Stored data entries
^^^^^^^^
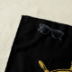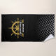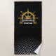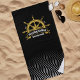 Ein großes, absorbierendes Strandtuch mit klassischem Schiffrad-Design auf schwarzem und goldfarbenem Hintergrund. Personalisieren Sie es mit Ihrem Bootsnamen für ein einzigartiges Strandzubehör. Ideal für sonnige Tage am Strand oder am Pool.
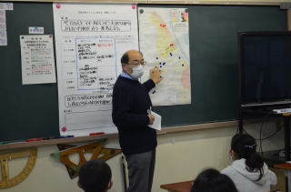 | 11月10日(水) 今日は、酒田市防災教育アドバイザーの村山先生をお招きして、4年1組で防災にかかわる授業研究を行いました。自分の考えたマイ・タイムラインと友達のものを比べながら、災害に備えての適切な行動を考える学習でしたが、子ども達は、自分や家族の命を守るために大切なことをたくさん学ぶことができたようです。また、放課後には、本校の教員が、村山先生のワークショップを通して、率先避難者を育てていくことの大切さについて研修しました。 |
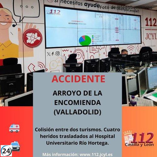Accidente en Arroyo de la Encomienda deja cuatro personas heridas en colisión entre dos coches.
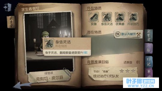 身体灵活,慈善家在翻板窗的速度非常快,所以在溜屠夫上比较省力。因为目前版本屠夫的追击能力都非常强,因此需要能快速逃跑。翻板窗的速度快,可以配合破窗等天赋,来提高逃跑能力。
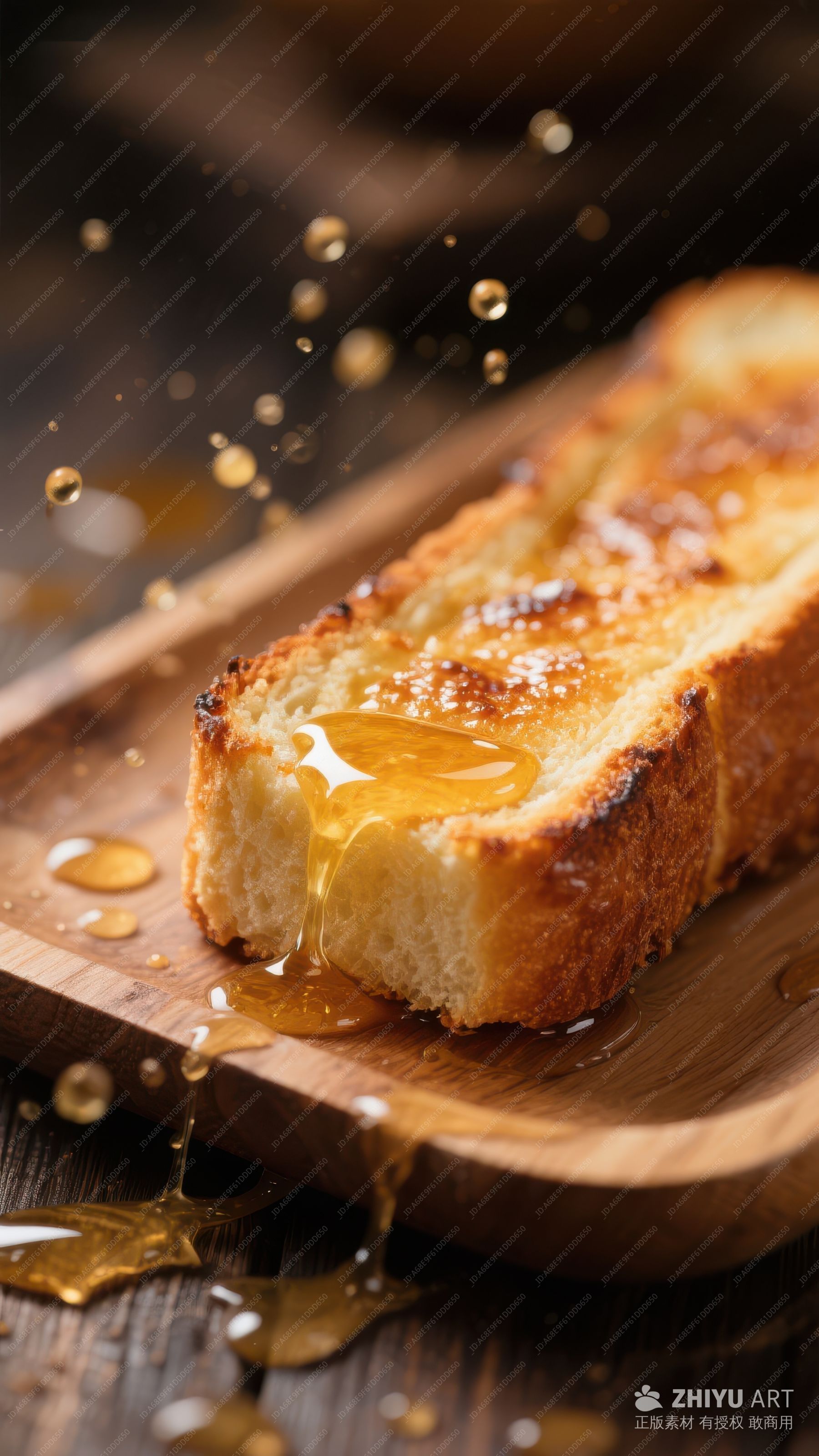蜂蜜淋在烤面包上,滴落瞬间
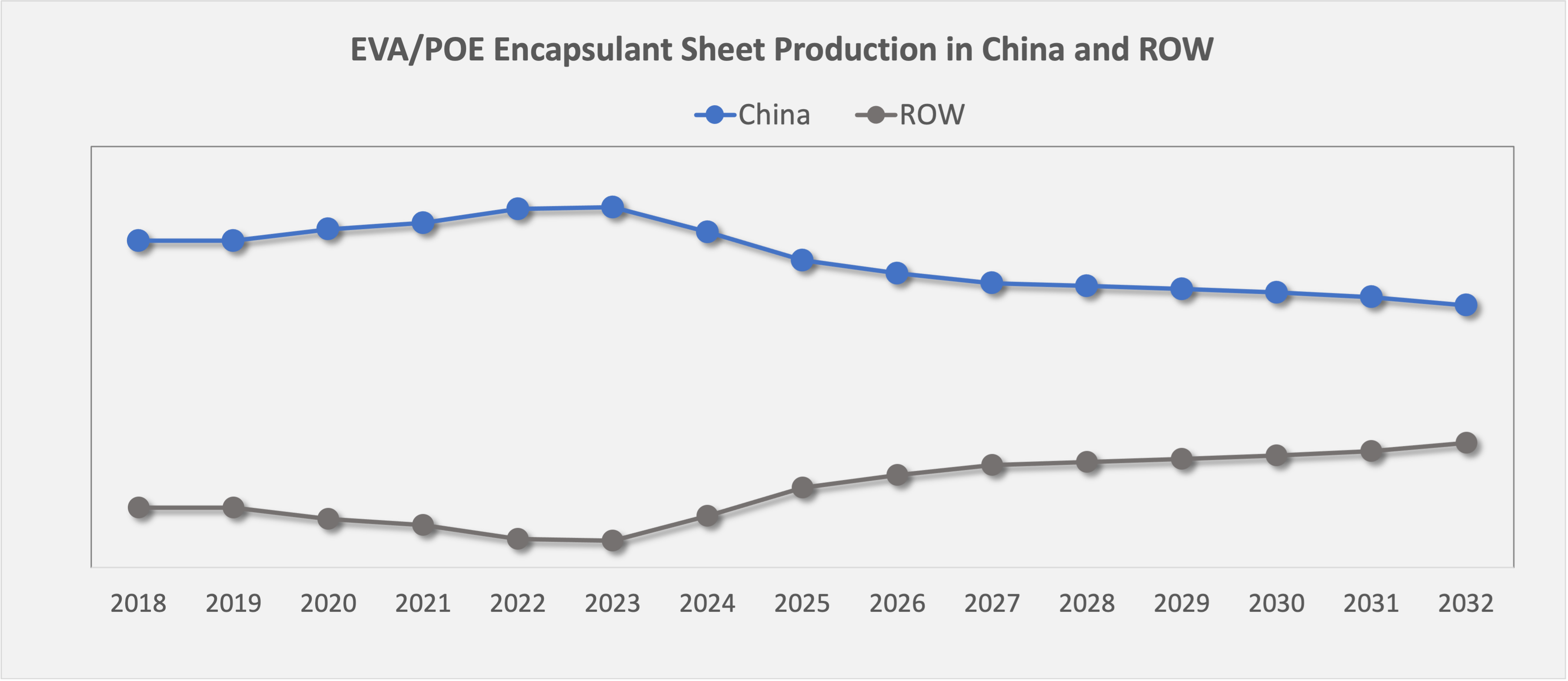 Another key finding of the Global EVA/POE Solar Module Encapsulant Sheet Market—2024 is the forecast globalization of encapsulant sheet production due to regional and national initiatives such as the U.S. Inflation Reduction Act (IRA) and local content requirements in India, as well trade-related barriers such as anti-dumping duties implemented in Europe and elsewhere. The share of sheet production outside of China is estimated to reach almost 35% by 2032 in the base case derived from MLTA market modeling.
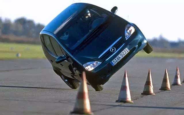 谈及麋鹿测试,那么第一代的奔驰A级大抵是逃不过去的。出于安全设计的三明治车身将第一代A级的重心抬升过高,导致瑞典汽车技术杂志的编辑在测试时发生了翻车事故。
^^^^^^^^
-- Your assignment --
Your answer must be an exact copy of the lines above, from the line that contains "Accidente en Arroyo" through the final line, with no pictures in it.

-- Response to the task --
Accidente en Arroyo de la Encomienda deja cuatro personas heridas en colisión entre dos coches.
 身体灵活,慈善家在翻板窗的速度非常快,所以在溜屠夫上比较省力。因为目前版本屠夫的追击能力都非常强,因此需要能快速逃跑。翻板窗的速度快,可以配合破窗等天赋,来提高逃跑能力。
蜂蜜淋在烤面包上,滴落瞬间
 Another key finding of the Global EVA/POE Solar Module Encapsulant Sheet Market—2024 is the forecast globalization of encapsulant sheet production due to regional and national initiatives such as the U.S. Inflation Reduction Act (IRA) and local content requirements in India, as well trade-related barriers such as anti-dumping duties implemented in Europe and elsewhere. The share of sheet production outside of China is estimated to reach almost 35% by 2032 in the base case derived from MLTA market modeling.
 谈及麋鹿测试,那么第一代的奔驰A级大抵是逃不过去的。出于安全设计的三明治车身将第一代A级的重心抬升过高,导致瑞典汽车技术杂志的编辑在测试时发生了翻车事故。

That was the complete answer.